Plan Versus Pants
By Adrian Krag
Copyright © 2009 by Adrian Krag, All Rights Reserved
I start with an opening line
and a single character and I type until my fingers bleed and the
keyboard shorts out. My critique partner begins with a blank wall and
three boxes of colored sticky notes.
For me, writing is like
reading a story. I begin with only the slightest inkling of where it's
going and the ending is always a surprise. I wrote nine books before
anyone told me there was another way.
My friend plans a novel like
a military campaign: Act 1, Act 2 and Act 3 and each assigned a number
of objectives and page count. Below the acts are the chapters, each
with its assigned conflict and tensions building events.
Yes, you guessed it: I'm a
pantser, she's a plotter. Yes, we have communication issues. Probably
our biggest difficulty is with schedule. I can write a hundred thousand
words in two weeks then have no idea how to fix it. It takes her six
months to fill up the wall and she seldom gets around to writing all the
infinitely well-defined blocks.
She writes perfectly, I
write fast.
With fifteen unpublished
books in my laptop, I'm beginning to wonder if a compromise isn't in
order. With seven walls of her house covered in hand scrawled notes
she's willing to listen to my suggestions.
Our goal is to tell a story
and that requires an audience and finished work. A story, like so many
things is much more than the sum of its parts. As Dr. Frankenstein
learned, sewing the parts together is not enough to make it live.
My problem is just the
opposite. My stories all live without form, like a many headed hydra
with an amoeboid body. I can't just go in and rewrite a bad section.
There are not sections. It's all just one big story.
I don't suggest that I know
that answer for everyone. I think creativity and formulas are
incompatible, but I think some hybrid of the two styles is necessary.

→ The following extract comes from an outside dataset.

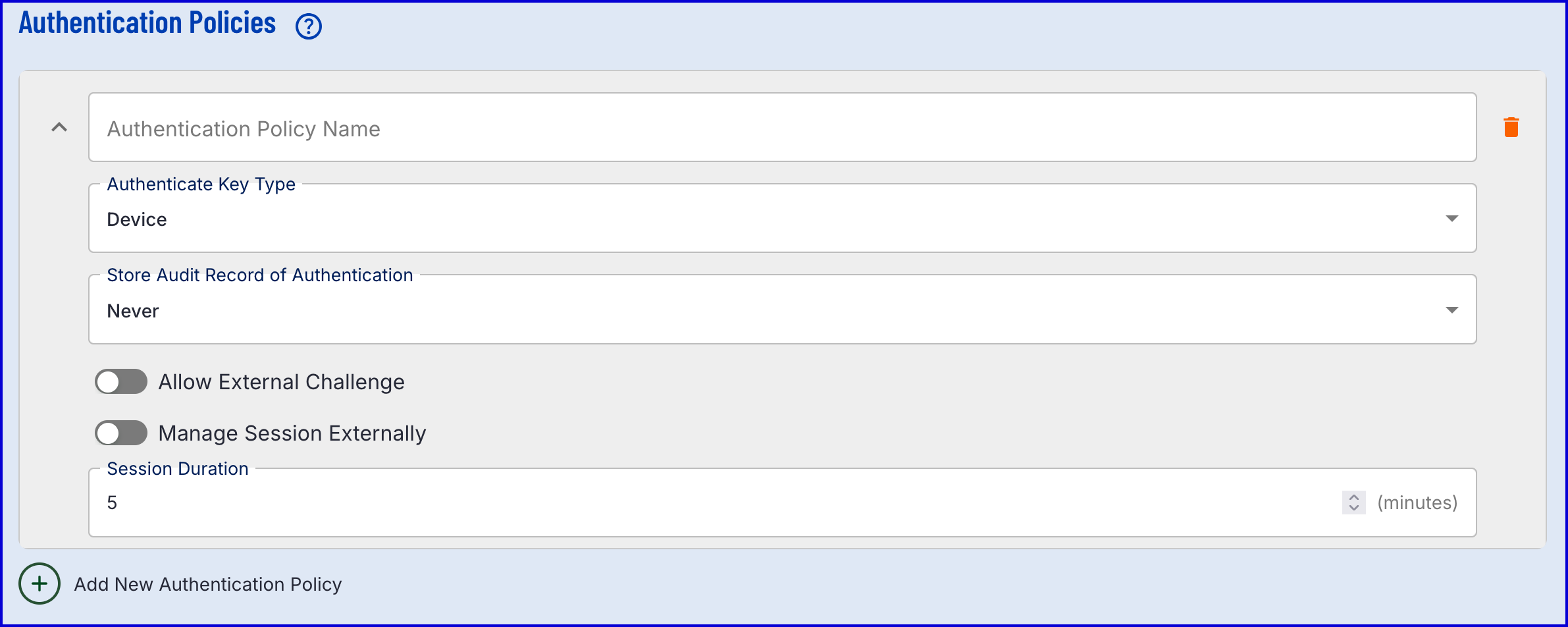 This section enables the configuration of new authentication policies. Multiple configurations can be made by clicking the 'Add New Authentication Policy' button.

Most successful stories have a beginning, middle and an end. The human
mind, (most potential readers have one), becomes engrossed in a story
through scenes and the scenes are tied together with transitions.
As I consider the things I
have written I was surprised to find that they all fit into a three act
model if you push them hard enough. Careful inspection reveals scenes
and if I look for it, even structure. This is not surprising, since I
learned tell stories from those that I have heard, read and the movies I
have watched. I wasn't raised by wolves.
My critique partner isn't an
automaton without creative passion. She joined the profession because
she had a talent for storytelling. The capability of weaving an
engrossing tale is in every fiber her being. However, the constraints
of writing a perfect scene can stifle creativity.
Most of all, the story is
the thing. If you can tell a story, you can write.

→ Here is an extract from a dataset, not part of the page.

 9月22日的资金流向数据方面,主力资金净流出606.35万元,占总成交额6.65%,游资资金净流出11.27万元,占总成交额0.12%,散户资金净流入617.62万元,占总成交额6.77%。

With comedy, the difference between an
audience falling asleep and falling off their chairs with laughter is
more timing and delivery than material. With horror movies, it's the
music and the lighting and the fear in the eyes of the characters. With
romance it's the yearning and the desire that the heroine feels, and
that we feel with her.
Ever listen to
an anecdote that wanders all over? The timing is a mess. The theme, if
it exists, is poorly defined and what happens? The punch line falls
flat. A problem pantsers have is maintaining focus.
Plotters have
a different set of difficulties. Mapping all the scenes on the wall has
the advantage of knowing in advance what foreshadowing is required, but
if it is not done well this sometimes leads to a novel that seems
contrived.
Well, what's
the answer? Maybe there isn't one answer. I'm sure that my solution
isn't going to work for everyone. Maybe the only real truth is that
plotters need to avoid the anal retentive traps that excessive planning
puts in front of them. Pantsers need to understand how our work fits
the successful story model and trim the extraneous branches.
If there were
a single correct process, writing would be engineering, not art.